There’s so much good stuff in Der Meistersinger but none comes better than the Morgentraum quintet. Arguably, the composer’s greatest ensemble piece celebrating the radiance of love and art. It was superbly (and beautifully) sung by the opera’s five main characters in the confines of the empty Nuremberg courtroom with the flags of the four occupying nations - the Soviet Union, Great Britain, the USA and France - unfurled and lining the back of the court.

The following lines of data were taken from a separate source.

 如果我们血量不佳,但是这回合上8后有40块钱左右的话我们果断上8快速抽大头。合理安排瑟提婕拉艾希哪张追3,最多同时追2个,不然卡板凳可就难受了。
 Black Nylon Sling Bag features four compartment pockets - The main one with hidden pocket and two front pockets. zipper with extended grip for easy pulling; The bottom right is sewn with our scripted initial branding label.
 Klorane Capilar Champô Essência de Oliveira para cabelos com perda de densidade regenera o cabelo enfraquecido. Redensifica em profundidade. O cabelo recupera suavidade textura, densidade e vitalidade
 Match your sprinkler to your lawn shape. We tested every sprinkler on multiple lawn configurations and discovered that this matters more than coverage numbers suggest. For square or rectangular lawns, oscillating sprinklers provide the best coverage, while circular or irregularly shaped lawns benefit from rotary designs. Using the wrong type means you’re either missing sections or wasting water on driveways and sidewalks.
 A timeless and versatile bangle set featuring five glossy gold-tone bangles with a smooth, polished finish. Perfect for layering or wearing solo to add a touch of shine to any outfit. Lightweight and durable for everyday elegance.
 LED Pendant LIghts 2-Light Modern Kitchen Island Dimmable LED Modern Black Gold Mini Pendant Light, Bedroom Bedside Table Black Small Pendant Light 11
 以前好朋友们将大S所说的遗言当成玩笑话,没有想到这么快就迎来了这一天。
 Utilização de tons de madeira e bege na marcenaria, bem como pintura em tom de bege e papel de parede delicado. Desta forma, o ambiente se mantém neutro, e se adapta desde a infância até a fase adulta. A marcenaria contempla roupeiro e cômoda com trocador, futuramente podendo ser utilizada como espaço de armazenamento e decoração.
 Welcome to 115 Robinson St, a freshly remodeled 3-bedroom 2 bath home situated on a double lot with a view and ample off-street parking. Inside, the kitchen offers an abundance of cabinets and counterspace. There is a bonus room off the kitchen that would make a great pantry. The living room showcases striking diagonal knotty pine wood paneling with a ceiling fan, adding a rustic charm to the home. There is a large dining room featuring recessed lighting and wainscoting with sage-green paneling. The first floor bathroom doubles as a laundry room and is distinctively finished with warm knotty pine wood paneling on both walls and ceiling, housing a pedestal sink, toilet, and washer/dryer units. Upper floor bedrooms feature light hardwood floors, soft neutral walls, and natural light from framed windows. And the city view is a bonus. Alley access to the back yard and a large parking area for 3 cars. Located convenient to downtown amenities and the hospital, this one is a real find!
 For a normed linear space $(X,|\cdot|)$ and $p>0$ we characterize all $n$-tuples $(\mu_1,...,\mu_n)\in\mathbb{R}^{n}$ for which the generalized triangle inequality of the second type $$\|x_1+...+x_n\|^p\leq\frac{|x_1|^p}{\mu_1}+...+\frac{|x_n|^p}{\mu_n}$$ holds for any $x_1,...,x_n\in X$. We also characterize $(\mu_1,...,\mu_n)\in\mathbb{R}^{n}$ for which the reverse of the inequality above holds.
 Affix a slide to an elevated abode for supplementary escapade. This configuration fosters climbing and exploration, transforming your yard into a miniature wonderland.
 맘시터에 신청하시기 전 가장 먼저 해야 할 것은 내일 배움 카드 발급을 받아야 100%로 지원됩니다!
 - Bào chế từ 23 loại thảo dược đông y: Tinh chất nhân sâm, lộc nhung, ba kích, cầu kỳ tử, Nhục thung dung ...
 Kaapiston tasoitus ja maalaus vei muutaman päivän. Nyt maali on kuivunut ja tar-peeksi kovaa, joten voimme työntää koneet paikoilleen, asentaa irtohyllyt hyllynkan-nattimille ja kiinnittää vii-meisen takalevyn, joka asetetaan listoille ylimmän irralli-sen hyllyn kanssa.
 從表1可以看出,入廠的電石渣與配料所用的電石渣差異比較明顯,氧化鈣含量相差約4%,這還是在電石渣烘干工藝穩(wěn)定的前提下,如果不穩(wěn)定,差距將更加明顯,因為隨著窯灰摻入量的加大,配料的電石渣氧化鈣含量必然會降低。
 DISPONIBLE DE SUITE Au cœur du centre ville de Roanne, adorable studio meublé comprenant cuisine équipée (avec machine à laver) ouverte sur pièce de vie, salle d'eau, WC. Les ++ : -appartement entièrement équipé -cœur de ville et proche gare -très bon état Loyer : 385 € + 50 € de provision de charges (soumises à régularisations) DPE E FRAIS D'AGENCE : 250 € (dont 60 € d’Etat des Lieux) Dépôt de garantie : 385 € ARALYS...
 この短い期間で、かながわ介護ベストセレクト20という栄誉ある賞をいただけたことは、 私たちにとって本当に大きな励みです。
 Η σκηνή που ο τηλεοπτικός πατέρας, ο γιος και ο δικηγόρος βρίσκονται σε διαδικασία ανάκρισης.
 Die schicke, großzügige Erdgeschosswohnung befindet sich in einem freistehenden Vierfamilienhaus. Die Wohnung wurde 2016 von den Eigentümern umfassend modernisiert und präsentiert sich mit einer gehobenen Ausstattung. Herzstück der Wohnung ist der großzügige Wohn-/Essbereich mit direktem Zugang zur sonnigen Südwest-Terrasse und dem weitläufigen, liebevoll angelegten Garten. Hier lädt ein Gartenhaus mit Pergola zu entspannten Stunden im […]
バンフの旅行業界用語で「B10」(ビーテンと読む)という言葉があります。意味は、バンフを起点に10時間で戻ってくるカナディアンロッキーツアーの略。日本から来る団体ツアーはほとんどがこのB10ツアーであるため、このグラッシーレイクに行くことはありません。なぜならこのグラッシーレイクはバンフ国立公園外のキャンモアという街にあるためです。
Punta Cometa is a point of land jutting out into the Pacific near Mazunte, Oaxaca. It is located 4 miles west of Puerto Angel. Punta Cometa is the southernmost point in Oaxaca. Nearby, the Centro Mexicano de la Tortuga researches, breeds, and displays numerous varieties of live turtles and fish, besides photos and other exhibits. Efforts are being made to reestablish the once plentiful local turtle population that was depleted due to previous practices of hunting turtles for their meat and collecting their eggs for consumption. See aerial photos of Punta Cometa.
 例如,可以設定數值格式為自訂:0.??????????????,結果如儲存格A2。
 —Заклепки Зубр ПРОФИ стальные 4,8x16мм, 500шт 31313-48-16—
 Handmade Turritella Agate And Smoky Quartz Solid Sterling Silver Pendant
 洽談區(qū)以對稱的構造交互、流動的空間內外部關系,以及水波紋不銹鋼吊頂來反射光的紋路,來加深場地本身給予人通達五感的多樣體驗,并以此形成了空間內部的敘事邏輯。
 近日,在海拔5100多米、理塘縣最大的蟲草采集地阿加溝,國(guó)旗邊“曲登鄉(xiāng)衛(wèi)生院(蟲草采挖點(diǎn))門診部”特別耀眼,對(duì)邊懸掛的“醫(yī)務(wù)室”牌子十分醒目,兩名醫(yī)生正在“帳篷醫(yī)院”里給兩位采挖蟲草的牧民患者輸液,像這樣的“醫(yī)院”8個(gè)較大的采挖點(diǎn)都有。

The splendid and well-disciplined cast also included the Austrian bass, Günter Groissböck, who stamped his authority on the role of Veit Pogner, Eva’s wealthy (and dominant) father. Another great moment came with Hans Sachs’ Wahn monologue - a tribute to Holy German art - also sung on a bare stage with no pageantry and colour whatsoever. It would have been different, of course, in Wagner’s day. But, nonetheless, it was appropriate within the style of Kosky’s production.

And later in the same act, Sachs, in the guise of his mentor and creator, Richard Wagner, finds himself in the witness-box of courtroom 600 facing the music in more ways than one. Kosky sprang a big surprise that the audience lapped up when an entire symphony orchestra (and chorus) - an ending of Wagnerite proportions - arrived on a slow-moving platform to the front of stage. The ‘musicians’ were acted but it was hard to define and became a talking-point. However, as they came into view the walls of the courtroom slowly vanished out of sight reminiscent of the retraction of Wahnfried in the first act with room 600 slowly coming into view. Music, I guess, wins over politics in the end?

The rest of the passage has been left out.